If the database was created with a version prior to the one being used for rebuilding, the system tables may be different. The creation here refers to the first time the database was made, a crash recovery does not count as a fresh start here.

If this is or may be the case, the first log must be rolled forward into the empty database BEFORE the new and possibly incompatible system tables are created. This is done by setting the TransactionFile parameter to the first of the recovery logs and starting the server with the -R or +restore-crash-dump switch. For good practice one should also specify the no checkpoint switch, so that the log will in no case be damaged after the initial step of the roll forward. After this initial step the system tables will be compatible and the dba can proceed to replay the remaining recovery logs with the replay function.

Backup and Restore individual table(s) and individual index(s) on a new fresh db

This section describes how to get a part of db tables and restore on a new db.

Additionally, part of the steps from below can be used to backup separate table and recover on same db.

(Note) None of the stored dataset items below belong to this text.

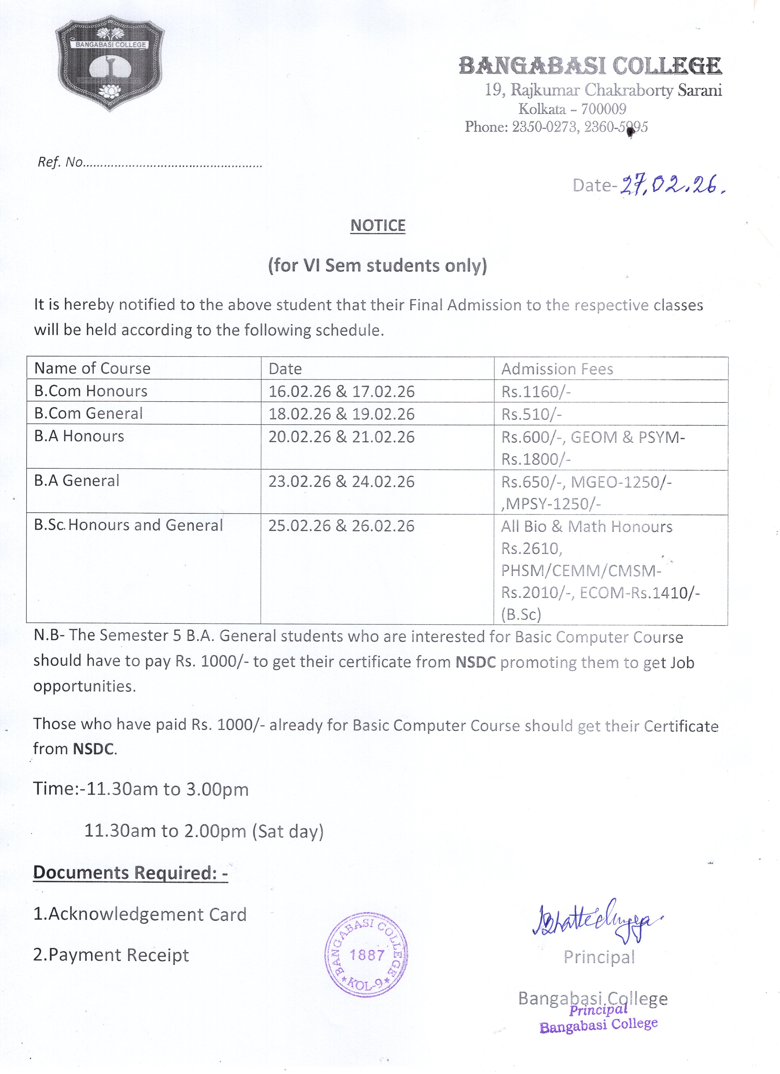 N.B- The Semester 5 B.A. General students who are interested for Basic Computer Course should have to pay Rs. 1000/- to get their certificate from NSDC promoting them to get Job opportunities.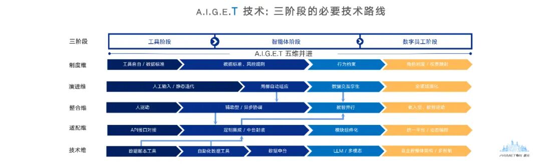 搭建从工具、智能体到数字员工三阶段发展的必要技术路线,强化多模态输出、全领域演化等破解技术黑盒,以架构整合、系统互通等支撑A.I.G.E.T五维并进。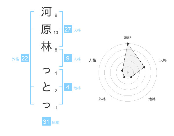 河原林 っとっさんを姓名の画数から五運を鑑定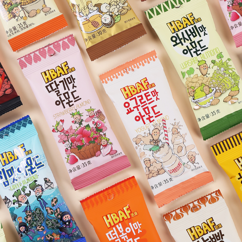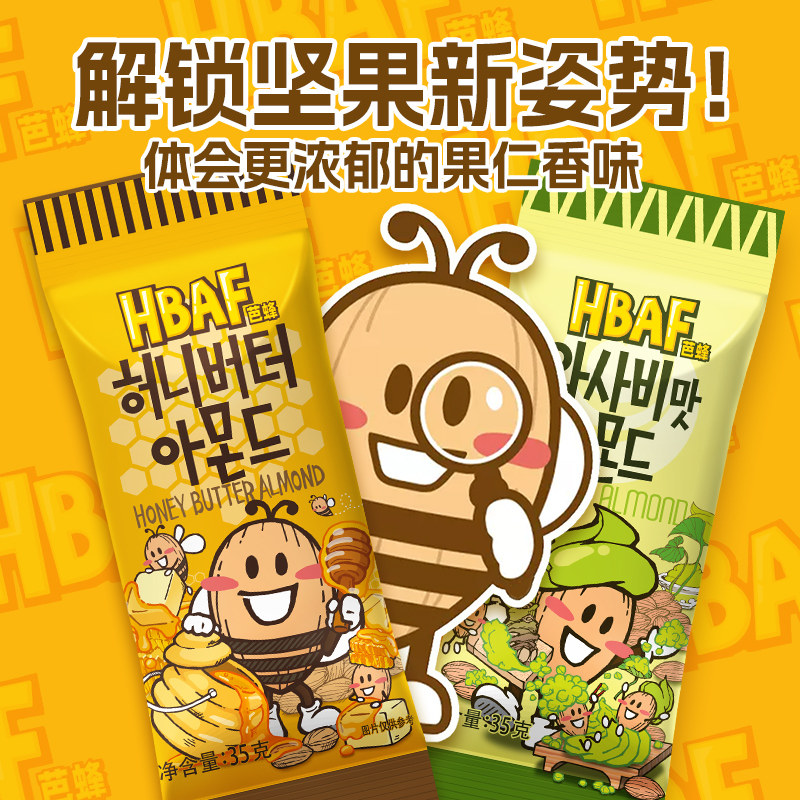 淘宝韩国进口HBAF芭蜂蜂蜜黄油扁桃仁腰果芥末汤姆农场坚果小包装零食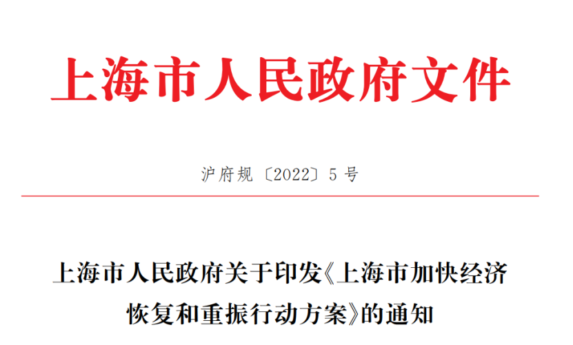 5月29日,上海市人民政府发布《上海市加快经济恢复和重振行动方案》(以下简称“《方案》”),并在上海市新冠疫情防控工作第199场新闻发布会上介绍相关内容。《方案》共包括八个方面、50条政策措施,主要内容包括助企纾困、复工复产复市、稳外资外贸和促消费投资、强化支撑保障等“四大板块”。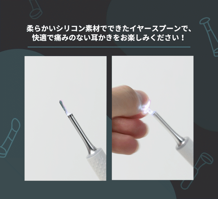 柔らかいシリコン素材でできたイヤースプーンで、快適で痛みのない耳かきをお楽しみください!
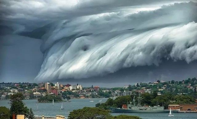 惊人的“云海啸”席卷悉尼的城市上空。
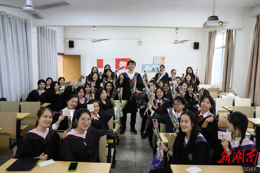 “很幸运我的大学四年遇见了你们,谢谢你们的关照和陪伴!希望毕业后,你们要好好照顾自己!”5月20日下午,星空app官网外国语学院英语师范专业2001班的40名女生,收到了一份特别的毕业礼物——精心准备的花束和手写祝福卡片。送出这份走心毕业礼物的,正是全班唯一的男生,李悟。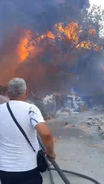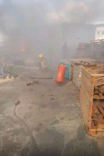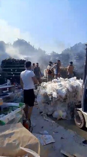 İtfaiye ekipleri, yangının çevredeki fabrika ve iş yerlerine sıçramaması için çalışmalarını sürdürüyor.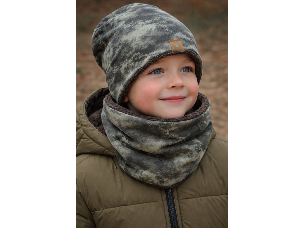 Detská zateplená dizajnová čiapka s nákrčnikom.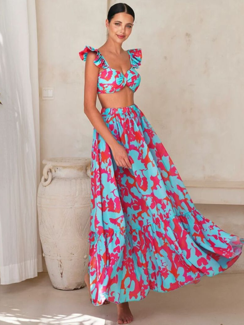 The Sunset Splash Ruffle Co-Ord Set combines vibrant colors and expert design for a standout summer look. Featuring a turquoise blue, flamingo pink, and coral red abstract print, the set includes a ruffle-sleeve crop top with a sweetheart neckline and twist-front detail that enhances your silhouette. The high-waisted maxi skirt offers a flowing fit with a tiered hem, adding movement and volume. Perfect for sunny days, this coordinated outfit balances playful style with flattering cuts for confident, effortless wear.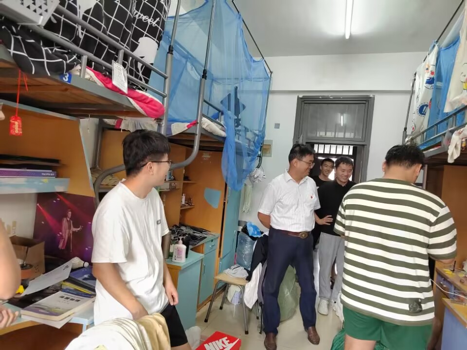 6月15日晚,汤姆影院 领导班子,毕业生辅导员老师一行前往毕业班宿舍走访,为即将离校的毕业生送去最真挚的关怀与祝福,话别毕业生。

Note: Only effective with Virtuoso 6.0 and later.

Basic steps:

  1. Create a function for dumping the key:

    create procedure bkp_key (in f any, in tb_name varchar, in key_name varchar)
    {
      backup_prepare (f);
      backup_index (tb_name, key_name);
      backup_flush ();
      backup_close ();
    }
    ;
    
  2. On the source db execute:

    bkp_key ('mylog.txn', 'DB.DBA.T1', 'T1');
    

    This will dump in a "mylog.txn" file the T1 table's primary key.

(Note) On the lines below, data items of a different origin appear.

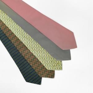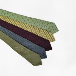 Trois à motifs géométriques, et deux unies à fond rose et à fond...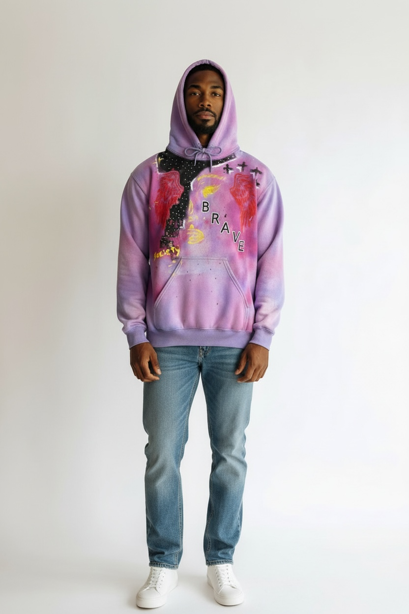 Welcome to the 1 of 1 collection. All Hoodies from this collection are hand painted by designer and owner of Brave Society Clothing. Every hoodie has its own uniqueness.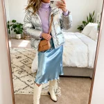 Want that long-and-lean effect without freezing? A turtleneck mini paired with over-the-knee boots keeps everything warm and elongates your silhouette. It’s flirty but still winter-appropriate—an instant confidence booster.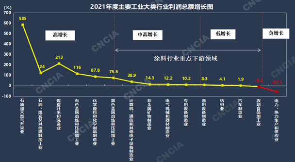 更严重的是利润总额曲线。从全国主要行业的利润情况可以看出来,上游原材料领域利润都非常高,越到下游的中间这部分,下游的制造业也就是涂料行业的重点用户,整个利润都是在降低的,这侧面影响了整个行业的消费和发展。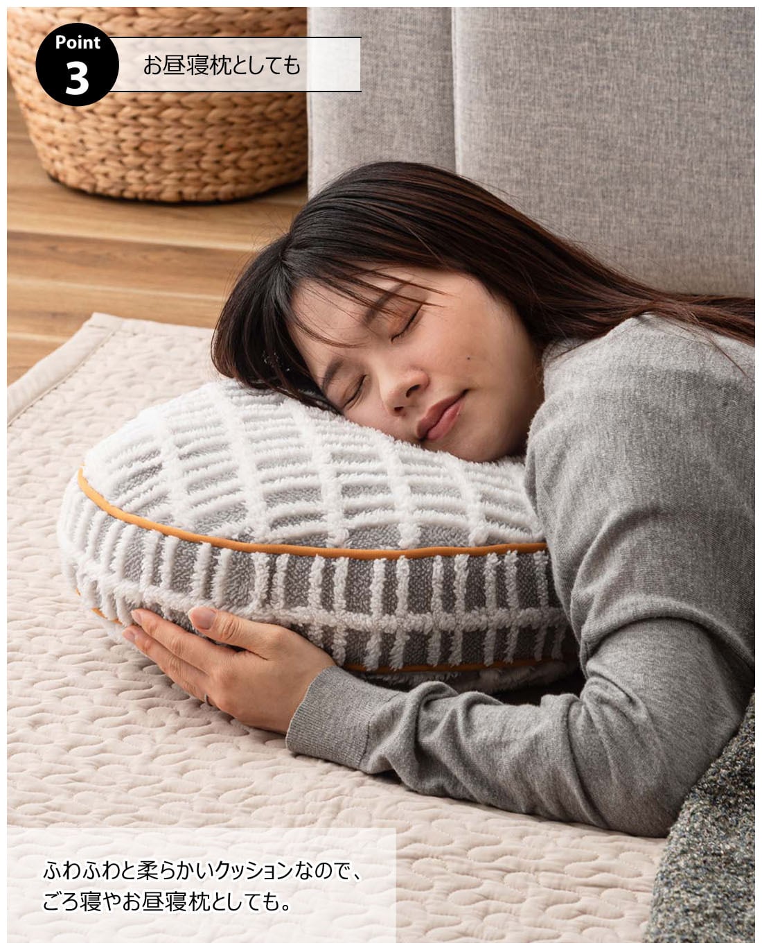 ふわふわと柔らかいクッションなので、ごろ寝やお昼寝枕としても。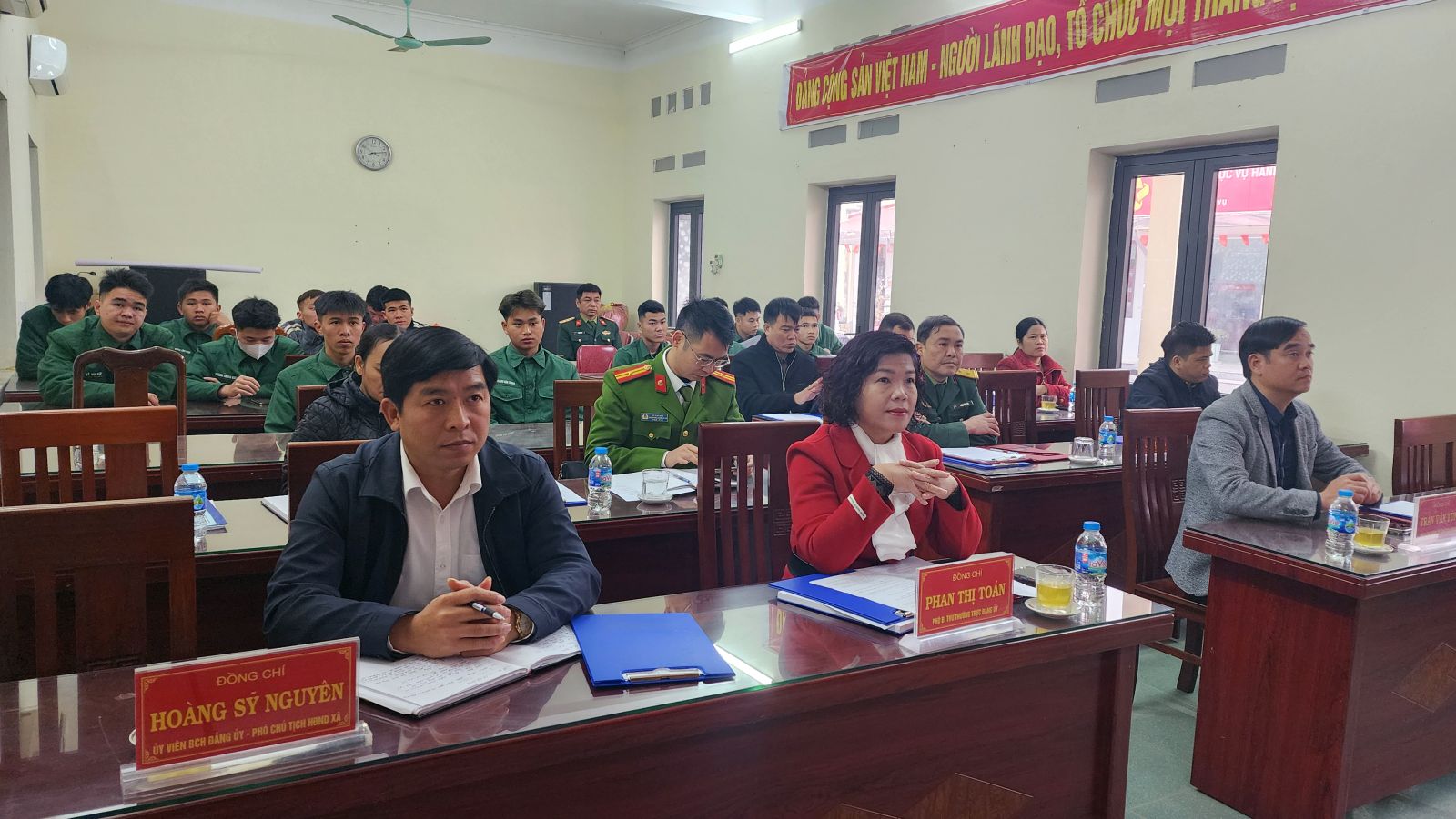 Phát biểu tại hội nghị, đồng chí Trần Văn Tùng, Phó Bí thư Đảng uỷ, Chủ tịch UBND xã thay mặt cho cấp uỷ, chính quyền địa phương chúc mừng, biểu dương, ghi nhận tinh thần trách nhiệm, ý chí rèn luyện và những đóng góp của các quân nhân trong thời gian tại ngũ. Đồng chí cũng đã thông tin tóm tắt một số kết quả nổi bật trên các lĩnh vực phát triển kinh tế, văn hoá xã hội, quốc phòng an ninh trên địa bàn xã trong thời gian qua, đồng thời mong muốn các quân nhân tiếp tục phát huy những phẩm chất tốt đẹp của Bộ đội cụ Hồ tham gia xây dựng quê hương, xung kích trong lao động sản xuất, vận động nhân dân thực hiện các chủ trương, đường lối của Đảng, chính sách pháp luật của Nhà nước. Các cơ quan, đơn vị, các thôn quan tâm tạo điều kiện cho các quân nhân được định hướng đào tạo nghề nghiệp, vay vốn, tham gia học tập, bồi dưỡng, phát triển đảng viên và tham gia các hoạt động chính trị, kinh tế, xã hội của địa phương.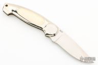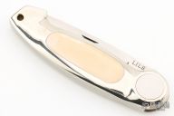 This Button Lock Folder from Jimmy Lile features a satin finished blade with nail nick, #037 on blade. The handle has a nickel silver frame with mammoth ivory inlays. Large button lock release mechanism used to open and close the knife. Numbered "99" on inside of backspacer. Has some a couple very light scratches, otherwise excellent condition.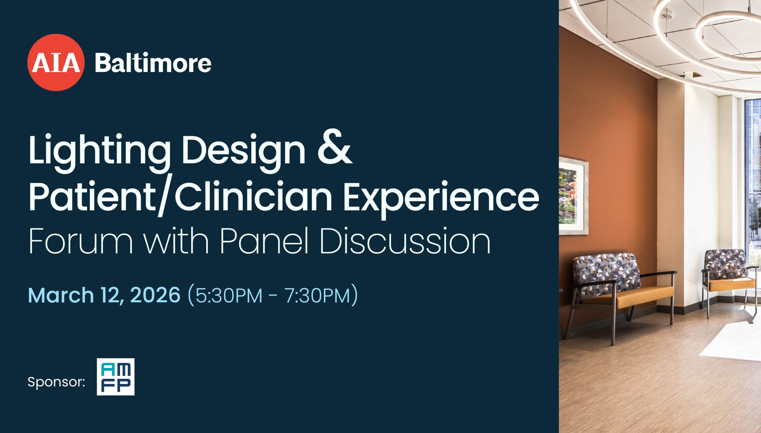 AIA Baltimore's Health and Wellness Design Committee presents: Lighting Control Design + the Patient/Clinician Experience on Thursday, March 12th from 5:30-7:30pm The event will be held at the Center for Architecture and Design. 5:30 to 6:30pm - Enjoy refreshments and meet with vendors. 6:30 to 7:30pm - Hear from our respected panelists on Lighting Control […]

  3. On source db stop server and do:

    virtuoso +backup-dump +foreground +mode l   ## ( lower case L )
    

    This will dump the schema tables only into the trx file.

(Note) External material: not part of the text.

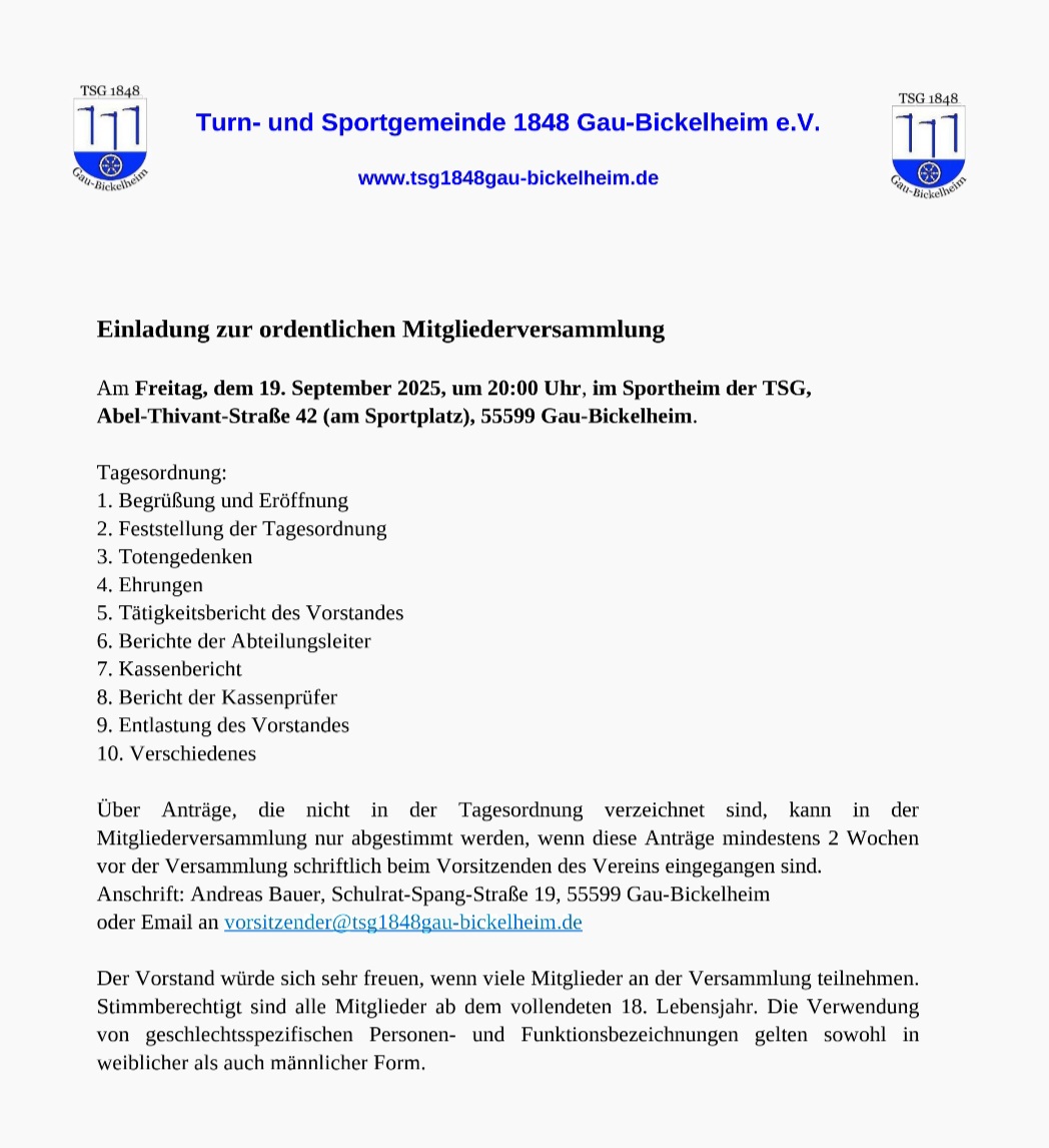 Mitgliederversammlung der TSG Gau-Bickelheim

  4. On the target db make sure there is no db file and place the trx file produced by previous step. Execute:

    virtuoso +restore-crash-dump +foreground ;
    

    This will create a new db with same db schema as on the source db.

  5. Start the target and do:

    replay ('mylog.txn') ;
    

    This will insert the PK data into the table from the source db dump.

  6. If the table in question has other indexes must drop them and re-create them, since they are empty as in previous step we have been restoring only the PK.

Note : following the steps from above can be dumped each index and then replay. Also the steps may be combined for multiple tables and keys in the backup procedure - just needs to be added the corresponding calls to the backup_index() function.